Just after 8am on March 18, 1975 an explosion shattered the morning routine in Chilenje South and echoed across the southern suburbs of Lusaka, the capital city of Zambia, headquarters of the liberation movements fighting against colonial or minority administrations in Southern Africa.

A pall of smoke and dust in the early morning sunlight cast grey shadows across the drive at 150 Muramba Road, shrouding the mangled remains of a pale blue Volkswagen.

In the wreckage lay the body of Herbert Chitepo (51), National Chairman of Zanu and leader of Dare re Chimurenga, the war council that was directing the infiltration of guerillas into Southern Rhodesia.

In 1985, 10 years after Chitepo’s death and five years after his goal of independence had been achieved, came the first revelation of the facts surrounding his assassination by the Rhodesian regime.

Brigadier Dudley Coventry, who was still serving in the new Zimbabwe military and training the Special Forces, made another contribution to healing the wounds of the past when he provided the names of the late Chuck Hind and Ian Sutherland (by then relocated from Zambia to South Africa) and other details to two well-known journalists, the first link in a chain to others and a meticulous piecing together of details.
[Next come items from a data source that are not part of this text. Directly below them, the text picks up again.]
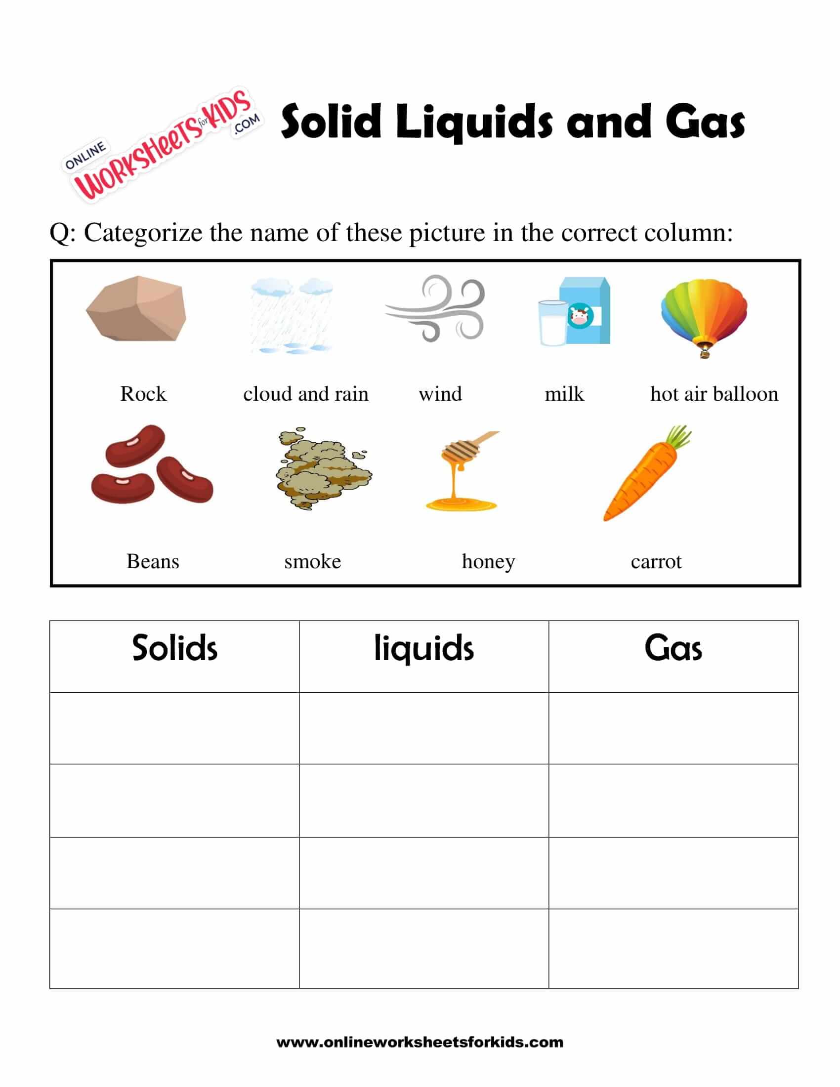 Solid Liquids And Gas Worksheet For Grade 15, 41 OFF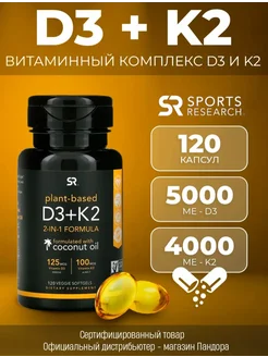 Витамин Д3+К2 5000 ME 120 капсул для иммунитета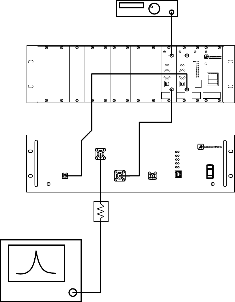 Shown below is a test set-up of the Downlink chain of the Head End. The signal generator is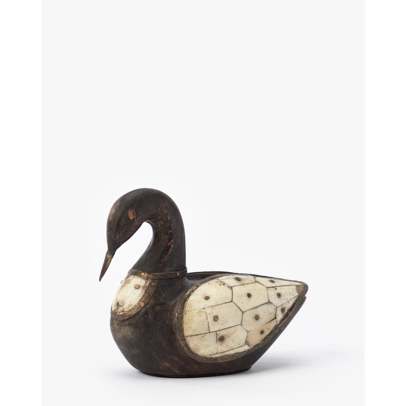 Stately and vintage-inspired, the Zella Swan Object is made from wood and iron, featuring an intricate bone inlay. With contrast and exquisite detail, the decorative object adds artistic sophistication to your vignettes.

Sifting fact from rumour, bias and folklore; seeking information from those who did not want to talk as well as those who would; and testing the delicate balance of racial reconciliation, in the belief that only the truth could begin the process of healing, this story was told by my late husband, David Martin, and myself in our 1985 book, “The Chitepo Assassination”.

Parts of that book were borrowed almost verbatim by Peter Stiff in revising his own book, as revealed in his interview last week with The Sunday Mail, now 40 years after the death of the national hero, Herbert Wiltshire Tapfumaneyi Chitepo.